=== Your task ===
Drop the pictures, then repeat every record exactly as it stands.

Dataset excerpts:
--*--
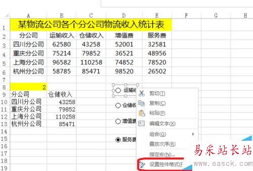 3、右擊——設置控件格式——單元格鏈接(A$8$),從上面可以看出A$8$所在單元格的值為1,鏈接的是運輸收入62580那一列,為2時,鏈接倉儲收入43258那一列。
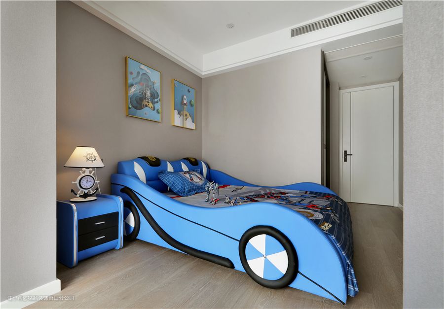 儿童房不得不说是本案设计的一大亮点,小男孩房间墙体是灰白色为主,同样无主灯设计更显得干净利落。蓝色床铺体现了男孩子的性格,也是视觉上一道点睛配色。 床头背景墙挂了两幅金属镶框的蓝色画,与床品相互同步。 创意感蓝色床头柜,边角弧形处理保护了宝宝的安全,避免磕磕碰碰。而且细节处理更能体现出设计师在生活上的细心周到。海盗船风格的床头灯兼具小闹钟,每天替父母温柔唤醒宝宝,开启新活力的一天。#床头背景墙 #床头柜 #蓝色 #卡通 #儿童房 #男孩房
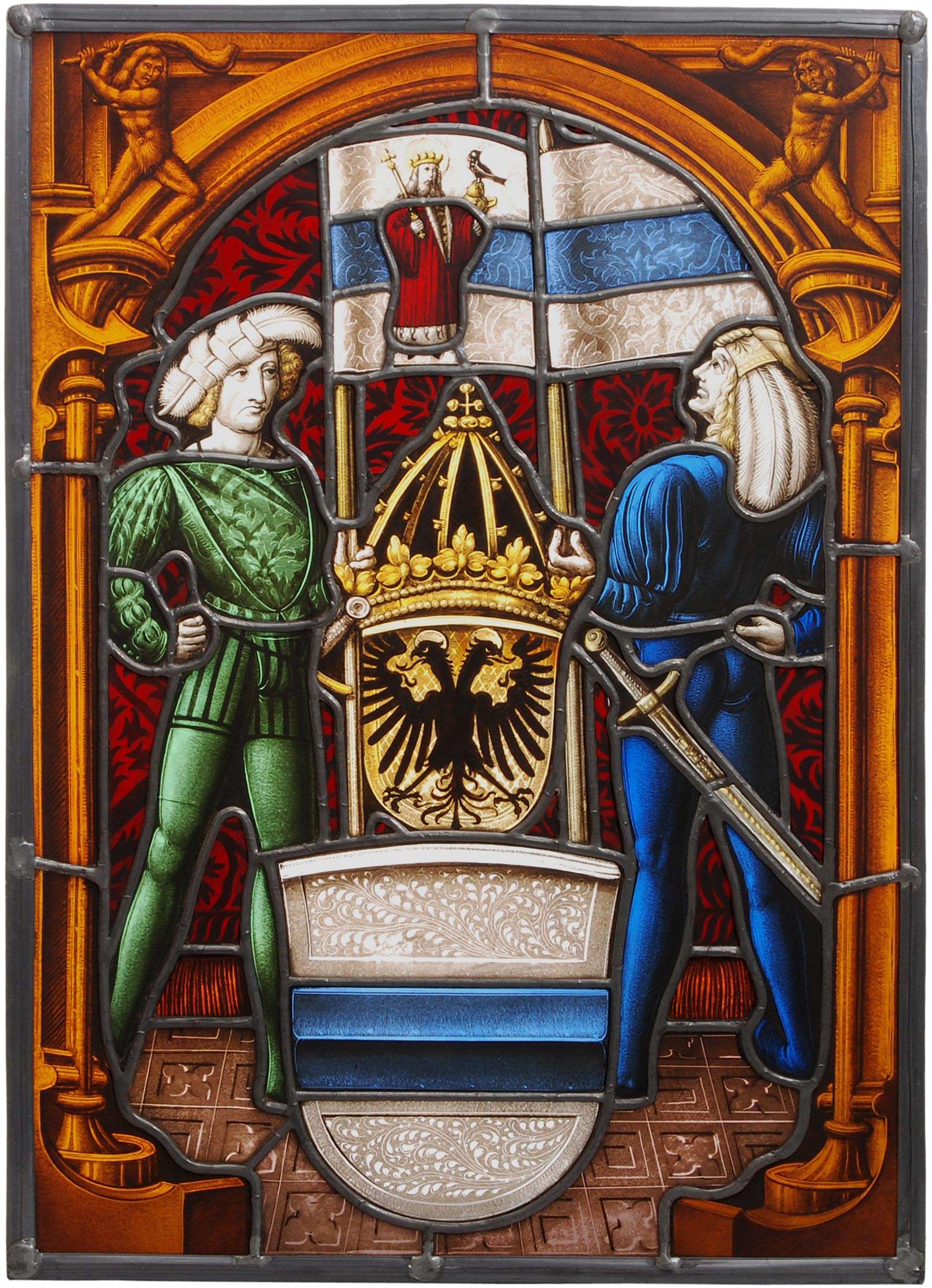 Schweiz, 20.Jh. Nach der Vorlage von Lukas Zeiner (tätig um 1500). Glas geätzt und polychrom bemalt. In Bleifassung. Mittelbild: Vor rotem Damasthintergrund Zuger Wappenpyramide. Flankiert von 2 Eidgenossen mit Bannern. Rahmende Bogenarchitektur mit wilden Männern im Oberlicht. 41x29,5 cm.
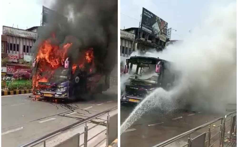 ಗಣೇಶಪುರ ಕೈಕಂಬ ದಿಂದ ಸ್ಟೇಟ್ ಬ್ಯಾಂಕ್ ಗೆ ಸಂಚರಿಸುವ ೪೫ಜಿ ಆಶೆಲ್ ಬಸ್ ಗೆ ಬೈಕ್ ಒಂದು ಅಡ್ಡ ಬಂದು ಬಿದ್ದ ಪರಿಣಾಮ ಬೈಕ್ ಬಸ್ಸಿನ ಟೈರಿನ ಅಡಿಗೆ ಸಿಲುಕಿದೆ. ಆ ಘರ್ಷಣೆಯಲ್ಲಿ ಬೆಂಕಿ ಹತ್ತಿಕೊಂಡಿದ್ದು ಮೊದಲಿಗೆ ಬಸ್ಸಿನ ಟೈರು ಉರಿಯತೊಡಗಿದ್ದು ನೋಡ ನೋಡುತ್ತಿದ್ದಂತೆ ಬೆಂಕಿ ಬಸ್ಸಿಗೆ ವ್ಯಾಪಿಸಿದೆ. ಆ ವೇಳೆ ಬಸ್ಸಿನಲ್ಲಿದ್ದ ೧೫ಕ್ಕೂ ಅಧಿಕ ಪ್ರಯಾಣಿಕರನ್ನು ಕೆಳಗಿಸಿ ಸಂಭಾವ್ಯ ಅಪಾಯದಿಂದ ತಪ್ಪಿಸಲಾಗಿದೆ.
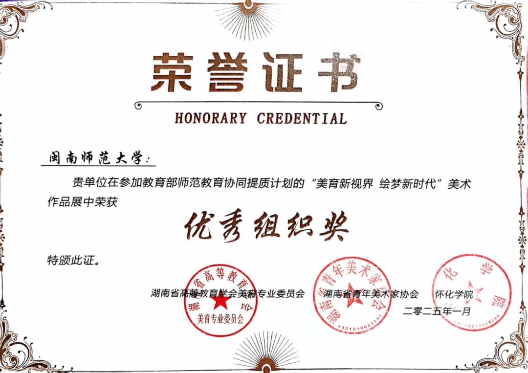 喜报|金年会jinnianhuicom参加师范教育协同提质计划湖南师范大学组团“美育新视界 绘梦新时代”美术作品展并获优秀组织奖
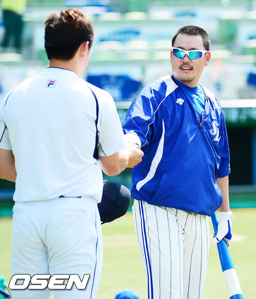 3일 오후 대구 시민구장에서 '2012 팔도 프로야구' 삼성 라이온즈와 두산 베어스의 경기가 열릴 예정인 가운데 삼성 진갑용이 두산 이성열과 악수를 나누고 있다.
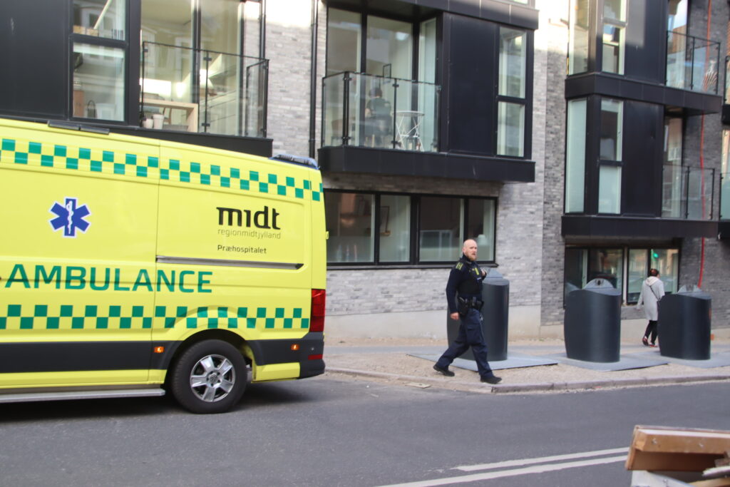 Østjyllands politi og ambulance er torsdag aften til stede på Nørre Allé/ Ny Munkegade i Aarhus C.
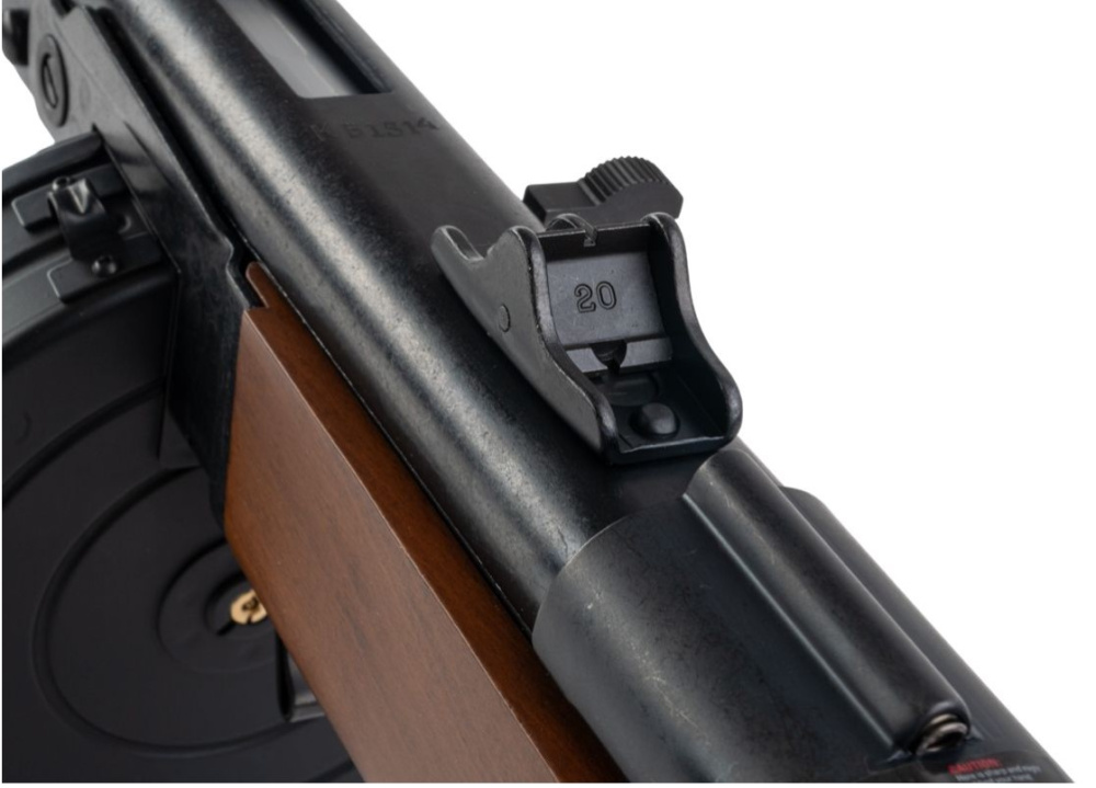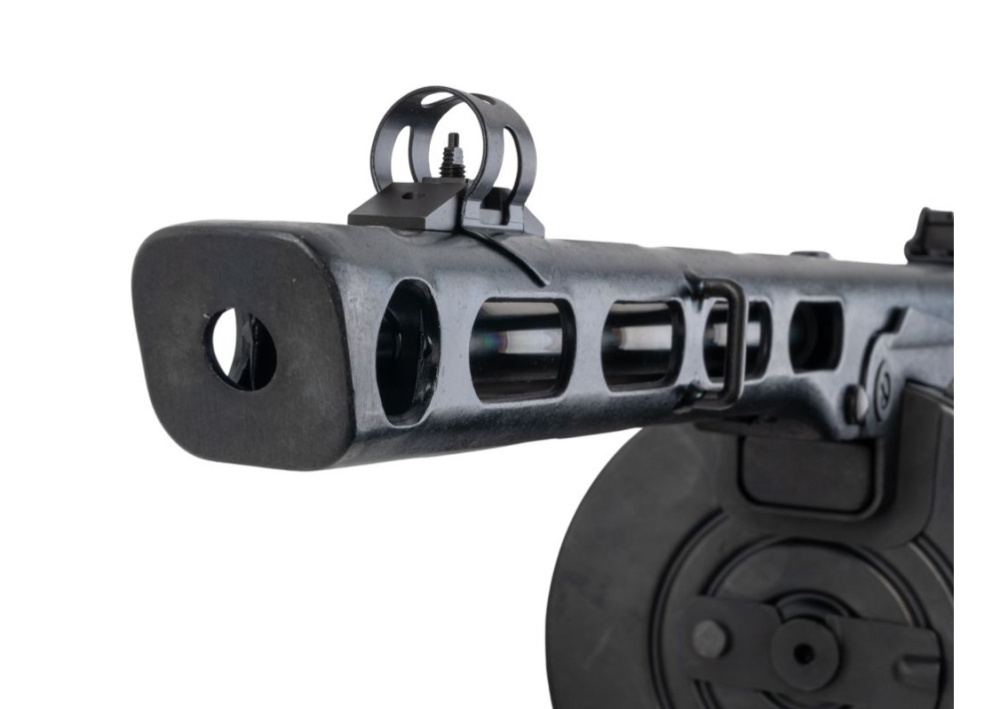 As the inaugural gas blowback PPSh-41, VFC pays tribute to this legendary firearm by meticulously replicating its design, unique mechanics, and authentic feel, closely resembling its real-steel counterpart. The GBB features a realistic weight and is constructed with genuine wood and a stamped, riveted steel body, including its signature 3mm thick stamped steel compensator and drum magazine, which enhance the authentic experience when handling this SMG. Incorporating cutting-edge airsoft technology, VFC has integrated a cleverly designed Top Down Centre (TDC) hop-up system that applies vertical pressure to the BB, resulting in a straighter, longer, and more stable trajectory for each shot. Furthermore, the PPSh is equipped with a two-stage safety mechanism that prioritizes practical ergonomics over aesthetic accuracy, featuring a lock switch on the charging handle that secures the trigger in both the closed and open bolt states to prevent accidental discharges. The fire control system includes an easily accessible semi-auto to full-auto switch located just in front of the trigger.
--*--
=== Solution below ===
 3、右擊——設置控件格式——單元格鏈接(A$8$),從上面可以看出A$8$所在單元格的值為1,鏈接的是運輸收入62580那一列,為2時,鏈接倉儲收入43258那一列。
 儿童房不得不说是本案设计的一大亮点,小男孩房间墙体是灰白色为主,同样无主灯设计更显得干净利落。蓝色床铺体现了男孩子的性格,也是视觉上一道点睛配色。 床头背景墙挂了两幅金属镶框的蓝色画,与床品相互同步。 创意感蓝色床头柜,边角弧形处理保护了宝宝的安全,避免磕磕碰碰。而且细节处理更能体现出设计师在生活上的细心周到。海盗船风格的床头灯兼具小闹钟,每天替父母温柔唤醒宝宝,开启新活力的一天。#床头背景墙 #床头柜 #蓝色 #卡通 #儿童房 #男孩房
 Schweiz, 20.Jh. Nach der Vorlage von Lukas Zeiner (tätig um 1500). Glas geätzt und polychrom bemalt. In Bleifassung. Mittelbild: Vor rotem Damasthintergrund Zuger Wappenpyramide. Flankiert von 2 Eidgenossen mit Bannern. Rahmende Bogenarchitektur mit wilden Männern im Oberlicht. 41x29,5 cm.
 ಗಣೇಶಪುರ ಕೈಕಂಬ ದಿಂದ ಸ್ಟೇಟ್ ಬ್ಯಾಂಕ್ ಗೆ ಸಂಚರಿಸುವ ೪೫ಜಿ ಆಶೆಲ್ ಬಸ್ ಗೆ ಬೈಕ್ ಒಂದು ಅಡ್ಡ ಬಂದು ಬಿದ್ದ ಪರಿಣಾಮ ಬೈಕ್ ಬಸ್ಸಿನ ಟೈರಿನ ಅಡಿಗೆ ಸಿಲುಕಿದೆ. ಆ ಘರ್ಷಣೆಯಲ್ಲಿ ಬೆಂಕಿ ಹತ್ತಿಕೊಂಡಿದ್ದು ಮೊದಲಿಗೆ ಬಸ್ಸಿನ ಟೈರು ಉರಿಯತೊಡಗಿದ್ದು ನೋಡ ನೋಡುತ್ತಿದ್ದಂತೆ ಬೆಂಕಿ ಬಸ್ಸಿಗೆ ವ್ಯಾಪಿಸಿದೆ. ಆ ವೇಳೆ ಬಸ್ಸಿನಲ್ಲಿದ್ದ ೧೫ಕ್ಕೂ ಅಧಿಕ ಪ್ರಯಾಣಿಕರನ್ನು ಕೆಳಗಿಸಿ ಸಂಭಾವ್ಯ ಅಪಾಯದಿಂದ ತಪ್ಪಿಸಲಾಗಿದೆ.
 喜报|金年会jinnianhuicom参加师范教育协同提质计划湖南师范大学组团“美育新视界 绘梦新时代”美术作品展并获优秀组织奖
 3일 오후 대구 시민구장에서 '2012 팔도 프로야구' 삼성 라이온즈와 두산 베어스의 경기가 열릴 예정인 가운데 삼성 진갑용이 두산 이성열과 악수를 나누고 있다.
 Østjyllands politi og ambulance er torsdag aften til stede på Nørre Allé/ Ny Munkegade i Aarhus C.
 As the inaugural gas blowback PPSh-41, VFC pays tribute to this legendary firearm by meticulously replicating its design, unique mechanics, and authentic feel, closely resembling its real-steel counterpart. The GBB features a realistic weight and is constructed with genuine wood and a stamped, riveted steel body, including its signature 3mm thick stamped steel compensator and drum magazine, which enhance the authentic experience when handling this SMG. Incorporating cutting-edge airsoft technology, VFC has integrated a cleverly designed Top Down Centre (TDC) hop-up system that applies vertical pressure to the BB, resulting in a straighter, longer, and more stable trajectory for each shot. Furthermore, the PPSh is equipped with a two-stage safety mechanism that prioritizes practical ergonomics over aesthetic accuracy, featuring a lock switch on the charging handle that secures the trigger in both the closed and open bolt states to prevent accidental discharges. The fire control system includes an easily accessible semi-auto to full-auto switch located just in front of the trigger.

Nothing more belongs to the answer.